Effect of sodium dodecyl sulfate surfactant on the surface properties of electroless NiP-TiO2-ZrO2 composite coatings on magnesium AZ91D substrate

This research incorporated nano TiO2 and ZrO2 particles into the NiP electroless bath to produce NiP-TiO2-ZrO2 composite deposits on magnesium AZ91D substrates. The impact of sodium dodecyl sulfate (SDS) (anionic surfactant) was utilized for deposition to minimize the agglomeration and clustering of particles in the electroless bath.

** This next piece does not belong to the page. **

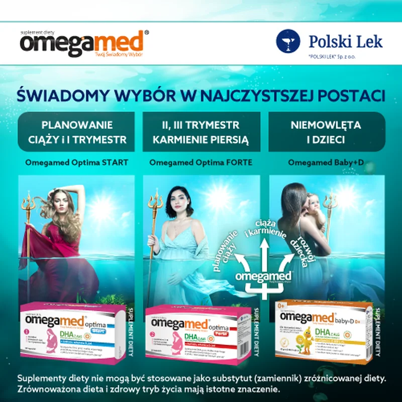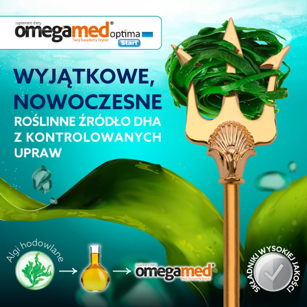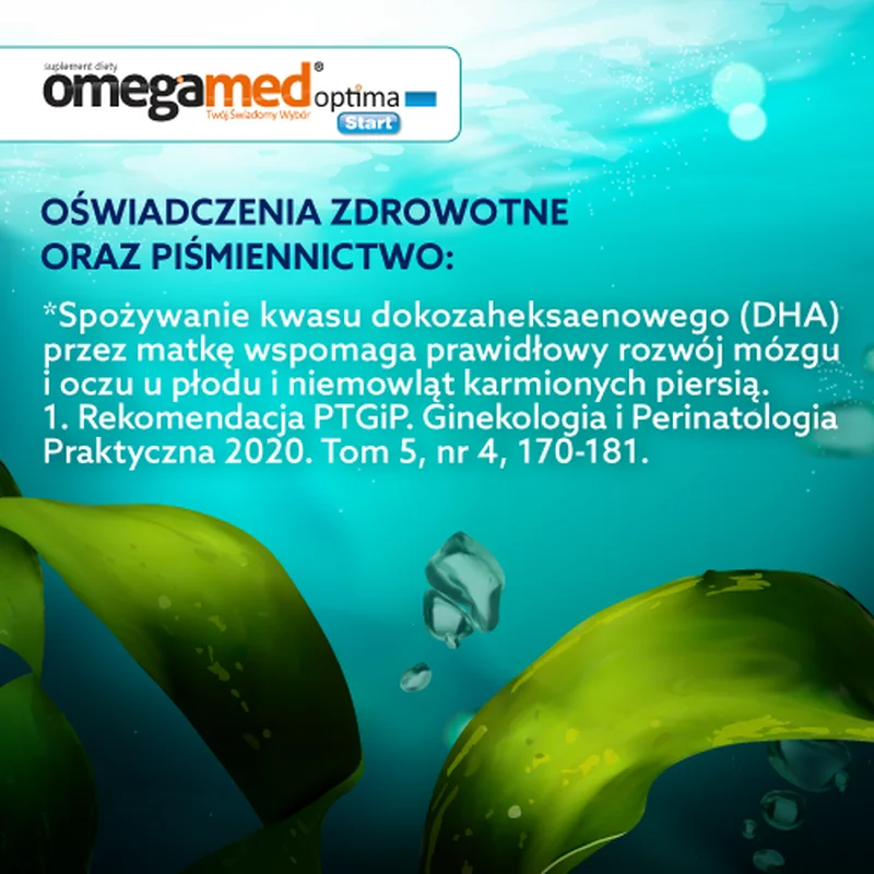 Omegamed® Optima START to preparat opracowany specjalnie dla kobiet planujących ciążę oraz w pierwszych miesiącach ciąży. Optymalny skład, opracowany z udziałem specjalistów, zapewnia codzienną porcję składników ważnych m.in. dla prawidłowego rozwoju mózgu i oczu u płodu i niemowląt karmionych piersią*.

Surface properties such as atomic force microscopy, energy dispersive X-Ray analysis, scanning electron microscopy, and X-ray diffraction are used to evaluate the surface morphologies of coating, surface roughness, elementary composition, and crystalline structure of the deposits. Furthermore, the impact of SDS surfactant on the corrosion properties of deposits was also studied using potentiodynamic polarization in a 5 wt% NaCl solution. The overall results reveal that incorporating anionic surfactant SDS at the optimum concentration of 1.5 g/L (CMC value) improved wettability, deposition rate, and surface roughness compared to the deposits developed without surfactant. The proposed mechanism is that the molecules of SDS surfactant could come into contact with the surface of NiP-TiO2-ZrO2 com-posite coating in the bath, increasing nanoparticle dispersion and resulting in a uniform coating. Furthermore, the electrochemical results show improved corrosion protection efficiency (PE%) of NiP-TiO2-ZrO2 composite coatings by increasing the concentration of SDS surfactant, achieving X87.9% at (1.5 g/L) CMC value.& COPY; 2023 The Author(s). Published by Elsevier B.V. on behalf of King Saud University. This is an open access article under the CC BY-NC-ND license (http://creativecommons.org/licenses/by-nc-nd/4.0/).

Automated summary

This research introduced nano TiO2 and ZrO2 particles to the NiP electroless bath to create NiP-TiO2-ZrO2 composite deposits on magnesium AZ91D substrates. The addition of sodium dodecyl sulfate (SDS) as an anionic surfactant minimized particle agglomeration and improved the surface properties of the deposits. The study also explored the impact of SDS surfactant on the corrosion properties of the coatings. The overall findings reveal that incorporating SDS surfactant at the optimum concentration enhanced wettability, deposition rate, and corrosion protection efficiency of the composite coatings.